> **PROBLEM TO WORK ON**:
Ignoring every picture, return the lines of the listing below word for word, from the line that holds "Cornerstone – 762" through the line that holds "该生在学习中认真刻苦,成绩优".
───── GIVEN INFORMATION
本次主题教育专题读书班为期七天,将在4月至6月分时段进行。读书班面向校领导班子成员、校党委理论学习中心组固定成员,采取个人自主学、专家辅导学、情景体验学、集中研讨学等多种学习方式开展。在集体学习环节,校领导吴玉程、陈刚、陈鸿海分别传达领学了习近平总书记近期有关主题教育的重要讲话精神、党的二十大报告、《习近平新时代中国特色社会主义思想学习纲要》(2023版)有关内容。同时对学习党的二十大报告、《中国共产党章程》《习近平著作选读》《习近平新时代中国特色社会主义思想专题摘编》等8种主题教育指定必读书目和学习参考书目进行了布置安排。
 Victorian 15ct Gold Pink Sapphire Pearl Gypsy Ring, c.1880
──────────
───── GIVEN INFORMATION
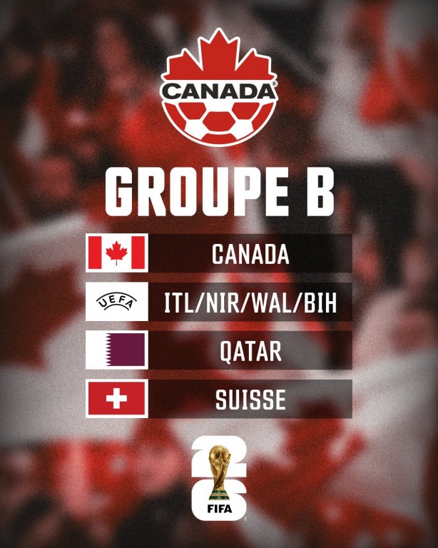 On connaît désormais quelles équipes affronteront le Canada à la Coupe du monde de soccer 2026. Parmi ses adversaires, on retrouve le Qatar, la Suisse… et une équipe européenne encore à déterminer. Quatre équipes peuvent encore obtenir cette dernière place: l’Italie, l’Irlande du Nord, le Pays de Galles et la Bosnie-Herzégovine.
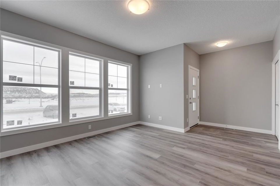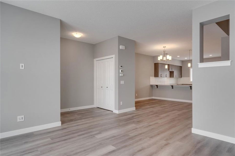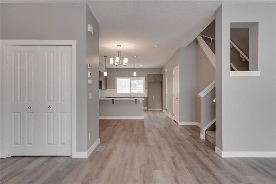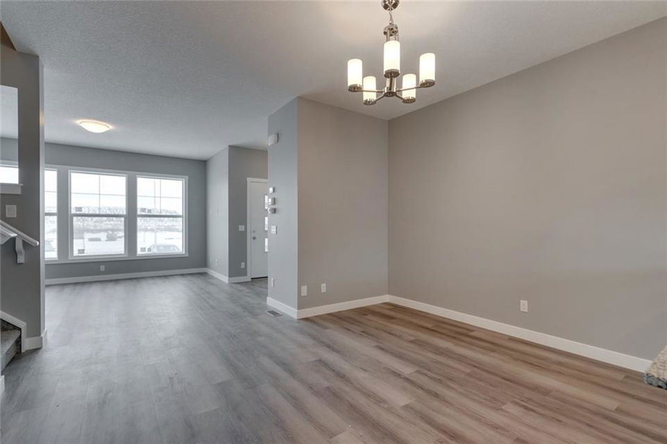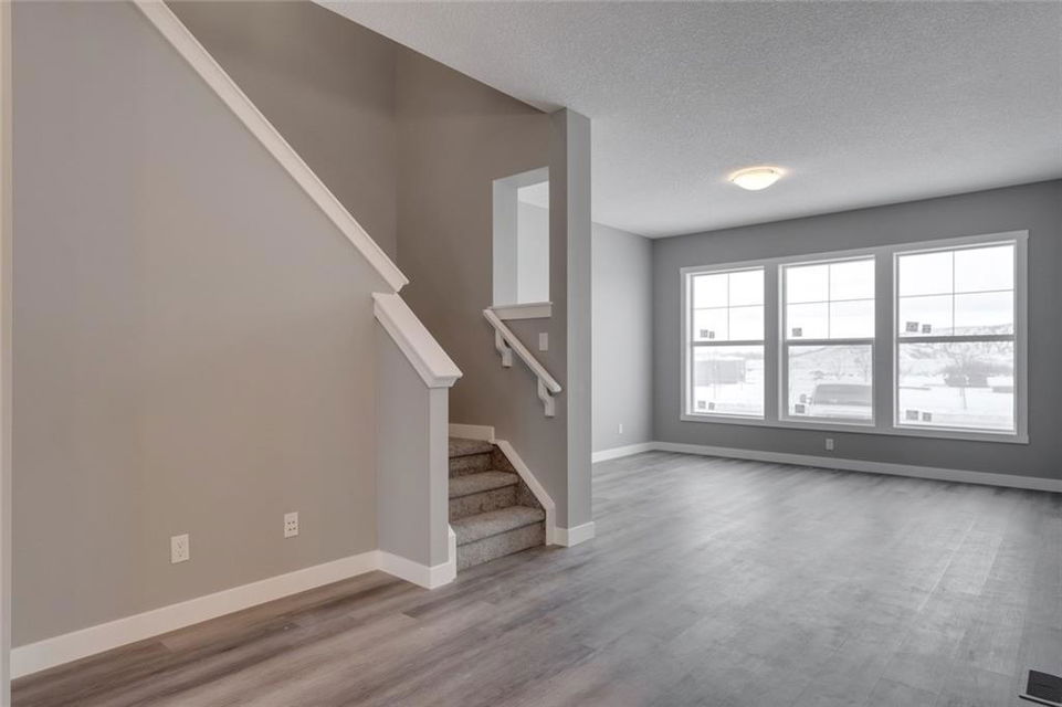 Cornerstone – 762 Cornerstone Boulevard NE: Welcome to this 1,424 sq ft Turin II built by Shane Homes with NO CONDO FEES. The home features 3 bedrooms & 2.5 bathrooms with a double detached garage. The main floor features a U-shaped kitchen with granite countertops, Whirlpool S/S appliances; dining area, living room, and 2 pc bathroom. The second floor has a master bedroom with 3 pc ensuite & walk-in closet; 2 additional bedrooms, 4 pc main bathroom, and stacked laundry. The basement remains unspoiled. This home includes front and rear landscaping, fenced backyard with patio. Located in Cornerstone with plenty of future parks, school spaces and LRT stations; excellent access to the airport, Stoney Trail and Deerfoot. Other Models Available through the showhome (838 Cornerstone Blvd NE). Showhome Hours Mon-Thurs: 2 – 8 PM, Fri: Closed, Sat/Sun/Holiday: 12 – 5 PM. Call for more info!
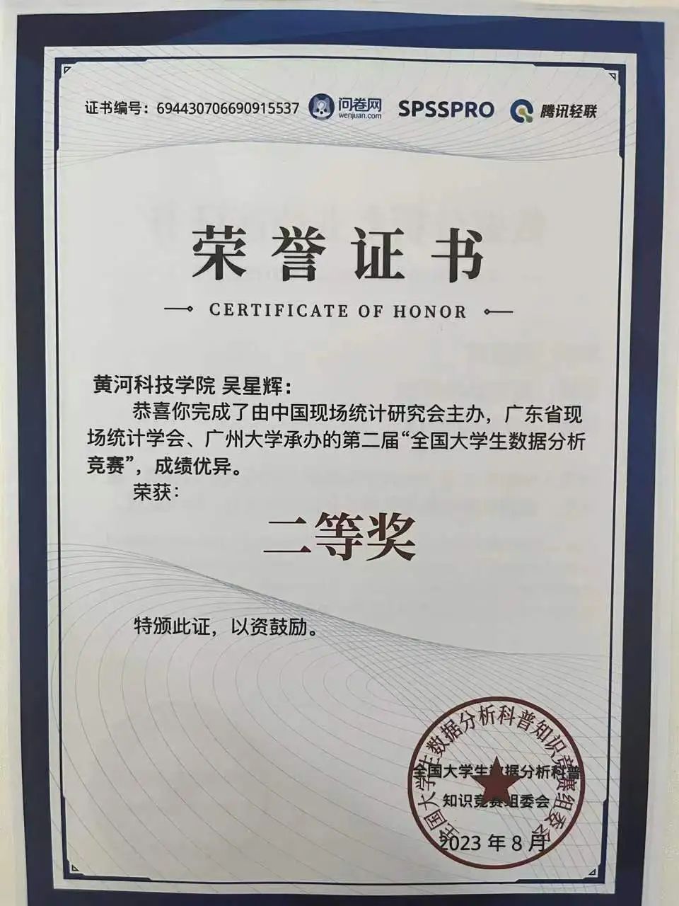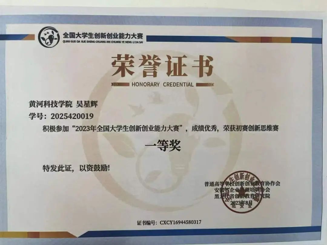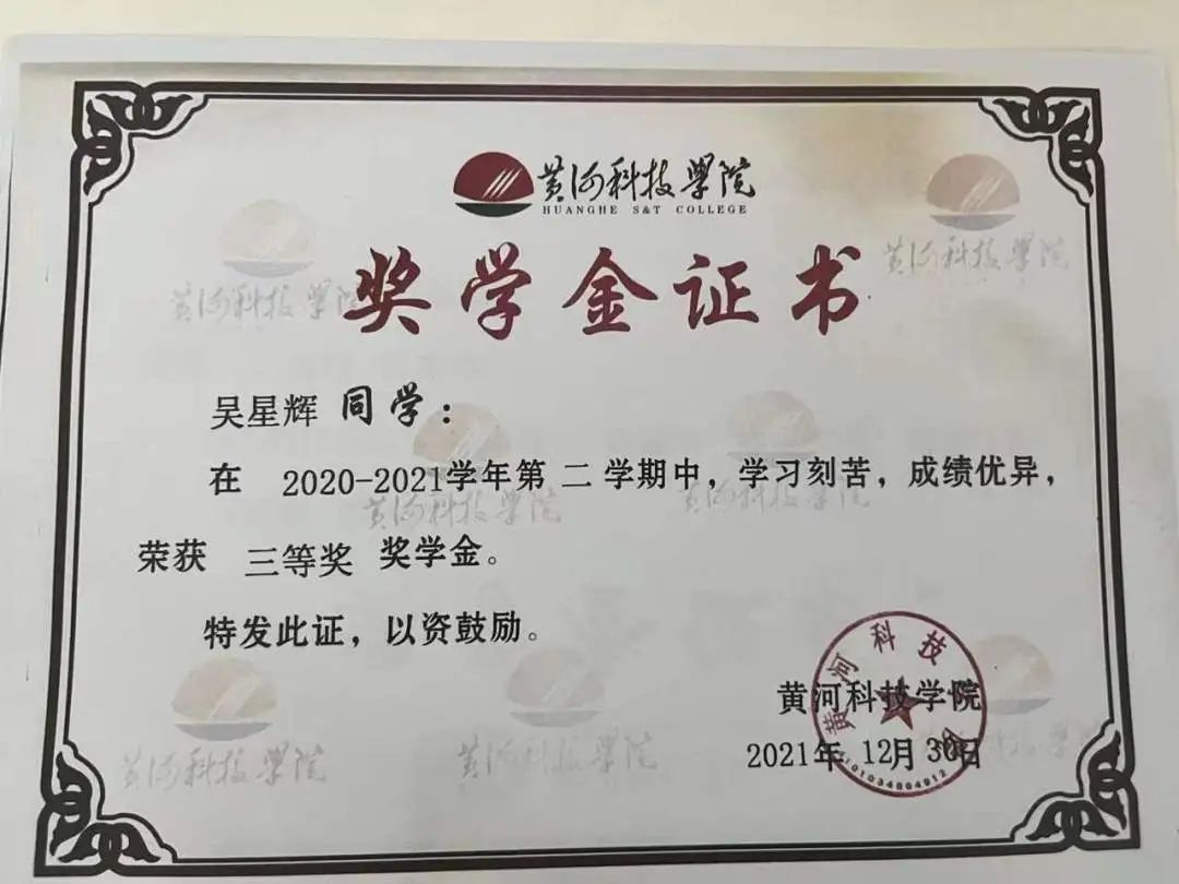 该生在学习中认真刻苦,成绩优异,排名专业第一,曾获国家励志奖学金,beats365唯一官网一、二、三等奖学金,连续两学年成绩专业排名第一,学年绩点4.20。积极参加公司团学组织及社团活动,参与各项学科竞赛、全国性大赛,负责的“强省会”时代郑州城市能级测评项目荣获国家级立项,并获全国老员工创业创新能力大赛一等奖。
──────────
> **YOUR RESPONSE**:
 Cornerstone – 762 Cornerstone Boulevard NE: Welcome to this 1,424 sq ft Turin II built by Shane Homes with NO CONDO FEES. The home features 3 bedrooms & 2.5 bathrooms with a double detached garage. The main floor features a U-shaped kitchen with granite countertops, Whirlpool S/S appliances; dining area, living room, and 2 pc bathroom. The second floor has a master bedroom with 3 pc ensuite & walk-in closet; 2 additional bedrooms, 4 pc main bathroom, and stacked laundry. The basement remains unspoiled. This home includes front and rear landscaping, fenced backyard with patio. Located in Cornerstone with plenty of future parks, school spaces and LRT stations; excellent access to the airport, Stoney Trail and Deerfoot. Other Models Available through the showhome (838 Cornerstone Blvd NE). Showhome Hours Mon-Thurs: 2 – 8 PM, Fri: Closed, Sat/Sun/Holiday: 12 – 5 PM. Call for more info!
 该生在学习中认真刻苦,成绩优异,排名专业第一,曾获国家励志奖学金,beats365唯一官网一、二、三等奖学金,连续两学年成绩专业排名第一,学年绩点4.20。积极参加公司团学组织及社团活动,参与各项学科竞赛、全国性大赛,负责的“强省会”时代郑州城市能级测评项目荣获国家级立项,并获全国老员工创业创新能力大赛一等奖。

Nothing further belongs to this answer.